> AVAILABLE DATA:
• • • •

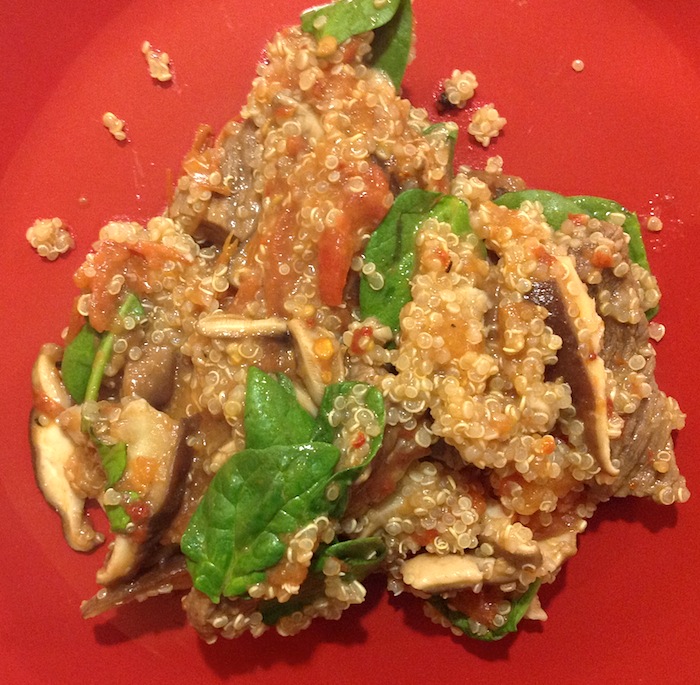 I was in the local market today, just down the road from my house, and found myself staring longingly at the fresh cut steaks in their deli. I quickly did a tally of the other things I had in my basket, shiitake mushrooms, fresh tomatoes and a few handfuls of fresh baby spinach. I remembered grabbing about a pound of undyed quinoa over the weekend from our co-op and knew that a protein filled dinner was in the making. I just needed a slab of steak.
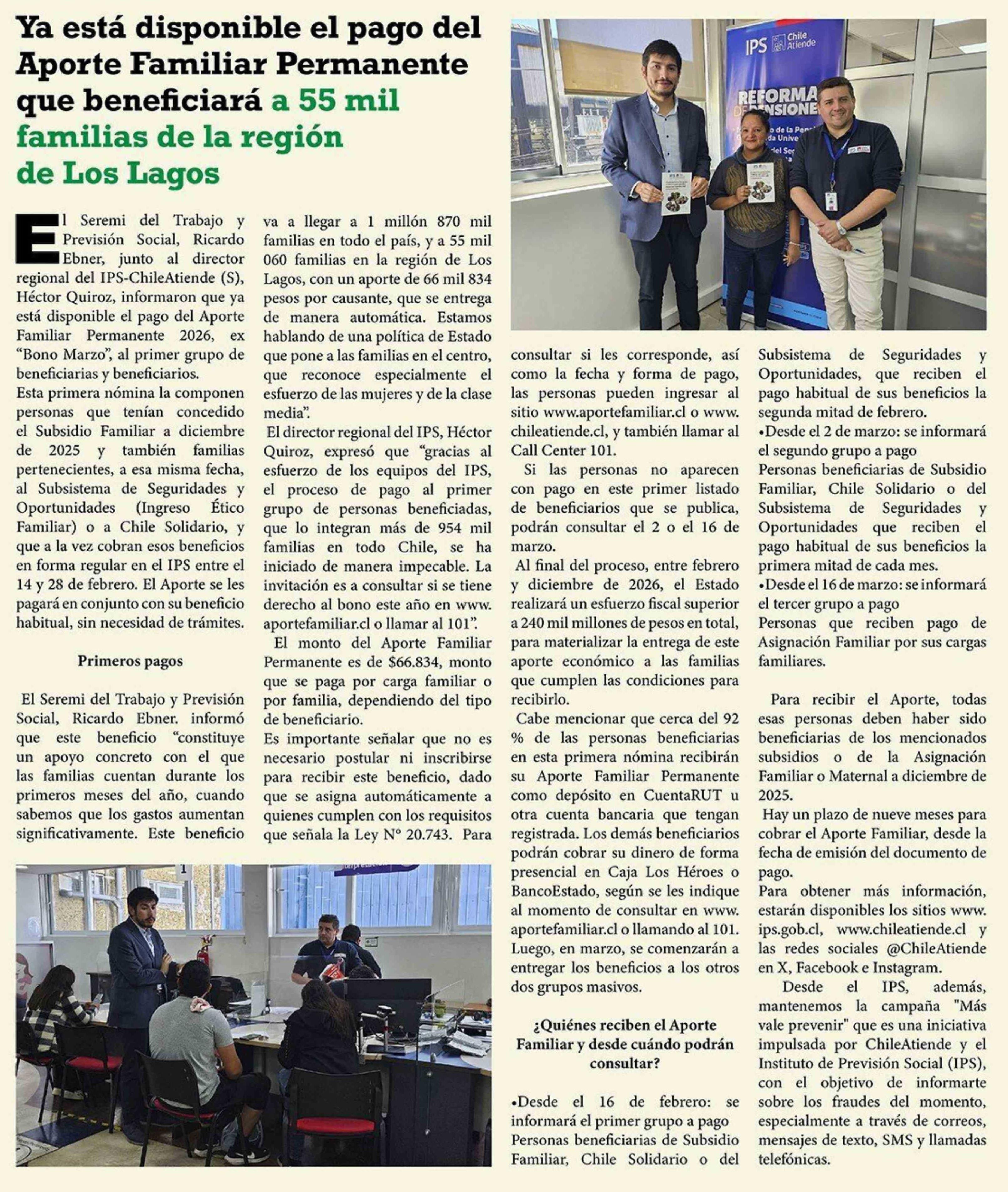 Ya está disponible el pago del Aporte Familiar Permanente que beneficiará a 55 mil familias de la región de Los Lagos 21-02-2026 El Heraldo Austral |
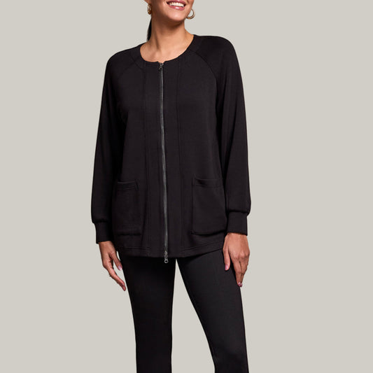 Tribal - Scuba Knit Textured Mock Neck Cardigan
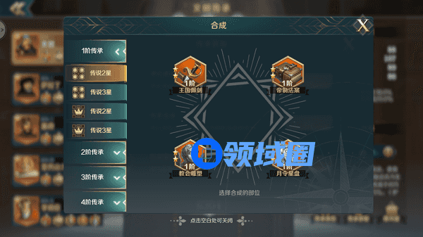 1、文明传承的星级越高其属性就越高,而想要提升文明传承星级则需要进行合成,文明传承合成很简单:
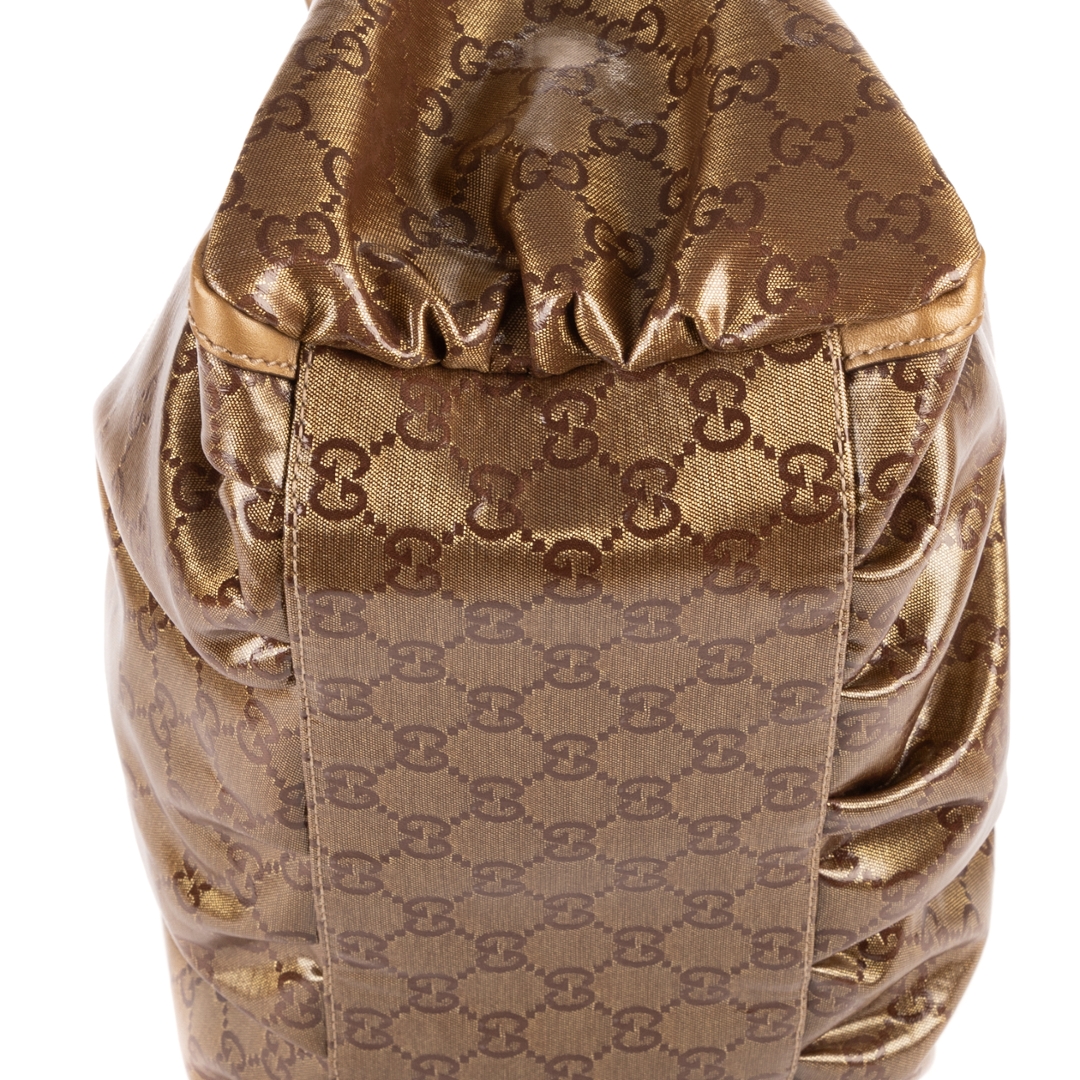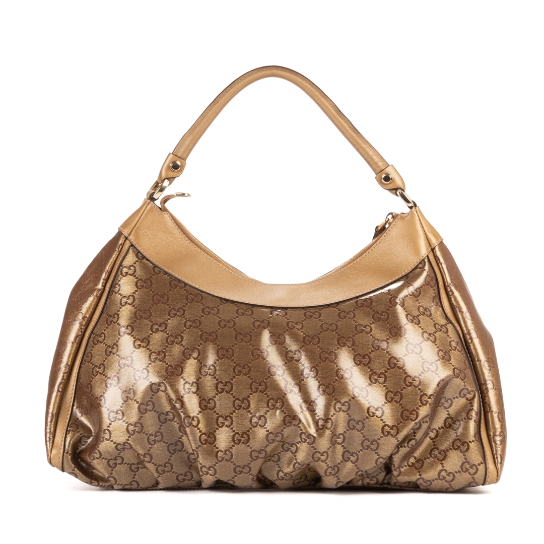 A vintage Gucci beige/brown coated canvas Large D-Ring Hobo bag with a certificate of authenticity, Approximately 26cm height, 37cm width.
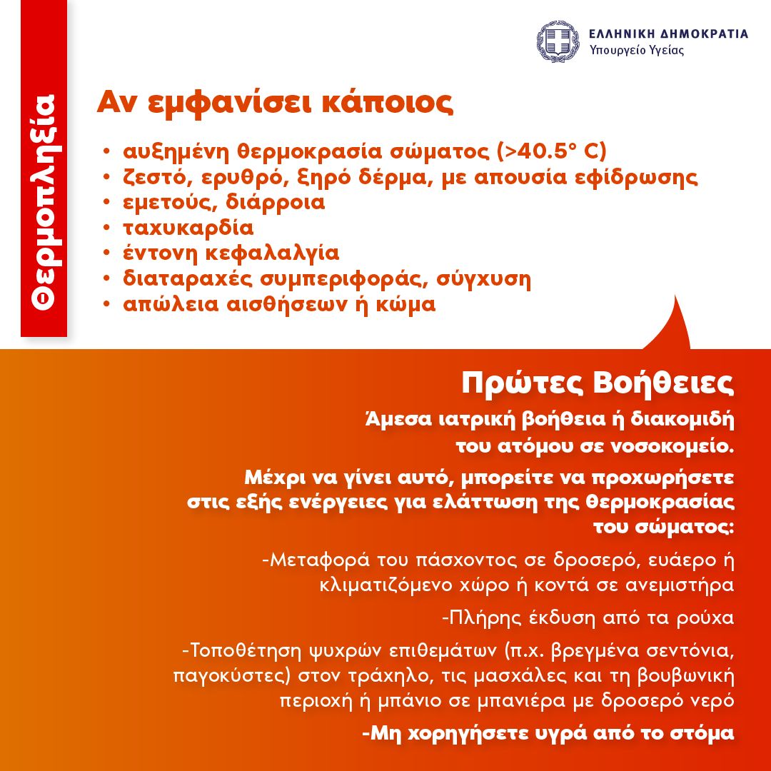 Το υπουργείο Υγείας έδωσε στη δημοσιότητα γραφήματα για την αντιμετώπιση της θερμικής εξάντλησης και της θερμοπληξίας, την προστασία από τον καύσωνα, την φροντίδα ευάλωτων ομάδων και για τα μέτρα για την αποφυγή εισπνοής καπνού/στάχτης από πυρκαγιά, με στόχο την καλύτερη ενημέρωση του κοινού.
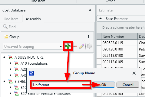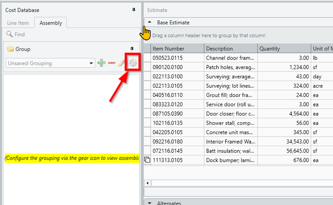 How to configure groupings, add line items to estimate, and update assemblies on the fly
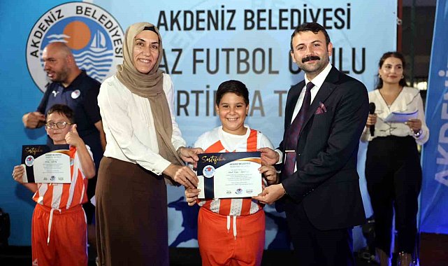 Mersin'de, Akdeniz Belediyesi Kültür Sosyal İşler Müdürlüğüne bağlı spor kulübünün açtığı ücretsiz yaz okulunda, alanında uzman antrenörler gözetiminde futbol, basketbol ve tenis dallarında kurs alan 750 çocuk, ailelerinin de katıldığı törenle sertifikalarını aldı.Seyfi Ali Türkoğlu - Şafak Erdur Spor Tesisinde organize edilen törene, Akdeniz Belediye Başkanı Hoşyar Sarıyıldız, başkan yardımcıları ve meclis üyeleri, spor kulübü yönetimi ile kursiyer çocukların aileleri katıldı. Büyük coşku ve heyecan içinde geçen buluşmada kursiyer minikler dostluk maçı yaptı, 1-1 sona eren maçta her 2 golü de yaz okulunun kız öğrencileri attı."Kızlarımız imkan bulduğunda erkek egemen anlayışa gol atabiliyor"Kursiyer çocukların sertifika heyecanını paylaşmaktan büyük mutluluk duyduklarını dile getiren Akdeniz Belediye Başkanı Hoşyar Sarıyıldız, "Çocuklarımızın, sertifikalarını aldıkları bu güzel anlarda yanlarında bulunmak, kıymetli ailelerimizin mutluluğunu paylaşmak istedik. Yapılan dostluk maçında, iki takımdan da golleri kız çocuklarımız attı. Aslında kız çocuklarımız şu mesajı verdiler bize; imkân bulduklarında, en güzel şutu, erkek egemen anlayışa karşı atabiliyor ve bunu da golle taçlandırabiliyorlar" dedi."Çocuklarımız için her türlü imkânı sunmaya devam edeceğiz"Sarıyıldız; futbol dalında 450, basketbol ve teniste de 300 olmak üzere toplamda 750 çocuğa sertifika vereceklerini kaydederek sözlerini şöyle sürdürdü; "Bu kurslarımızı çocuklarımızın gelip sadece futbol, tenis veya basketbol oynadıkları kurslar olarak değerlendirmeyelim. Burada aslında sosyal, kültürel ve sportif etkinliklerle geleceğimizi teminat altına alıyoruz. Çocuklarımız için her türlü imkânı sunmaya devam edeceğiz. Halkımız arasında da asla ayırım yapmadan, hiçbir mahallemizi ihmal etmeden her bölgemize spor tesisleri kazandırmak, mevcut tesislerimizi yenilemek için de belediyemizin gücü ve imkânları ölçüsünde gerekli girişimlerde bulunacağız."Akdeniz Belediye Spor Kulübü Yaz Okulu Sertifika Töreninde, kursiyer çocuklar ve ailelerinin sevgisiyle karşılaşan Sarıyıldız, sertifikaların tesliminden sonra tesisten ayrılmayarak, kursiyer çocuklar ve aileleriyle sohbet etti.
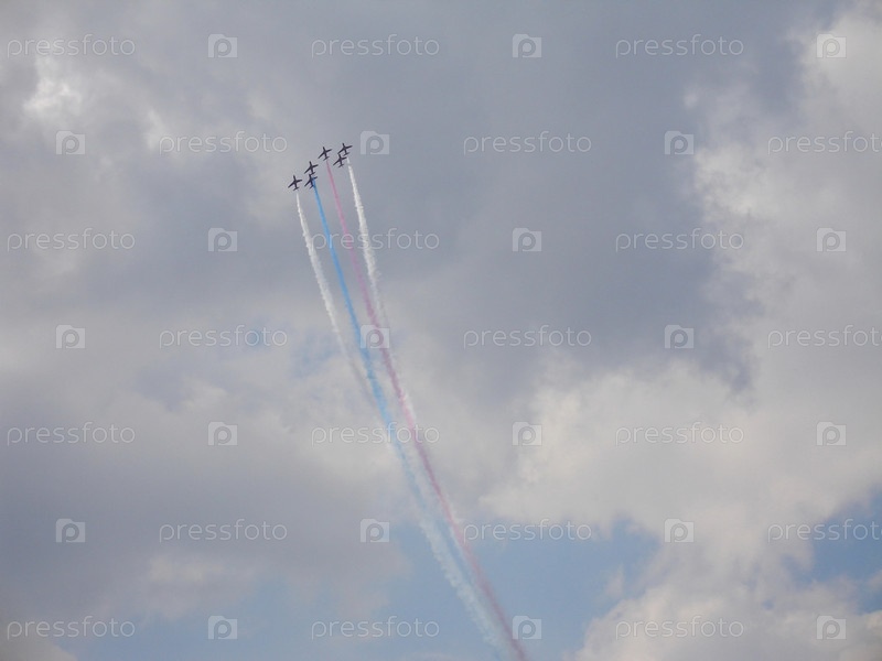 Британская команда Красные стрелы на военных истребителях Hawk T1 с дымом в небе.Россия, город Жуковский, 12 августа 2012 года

• • • •

> REQUIRED ACTION: Starting at the line containing "Το υπουργείο Υγείας" and stopping at the line containing "How to configure", output every line above exactly, both ends included, with pictures omitted.

> ANSWER SECTION:
 Το υπουργείο Υγείας έδωσε στη δημοσιότητα γραφήματα για την αντιμετώπιση της θερμικής εξάντλησης και της θερμοπληξίας, την προστασία από τον καύσωνα, την φροντίδα ευάλωτων ομάδων και για τα μέτρα για την αποφυγή εισπνοής καπνού/στάχτης από πυρκαγιά, με στόχο την καλύτερη ενημέρωση του κοινού.
 How to configure groupings, add line items to estimate, and update assemblies on the fly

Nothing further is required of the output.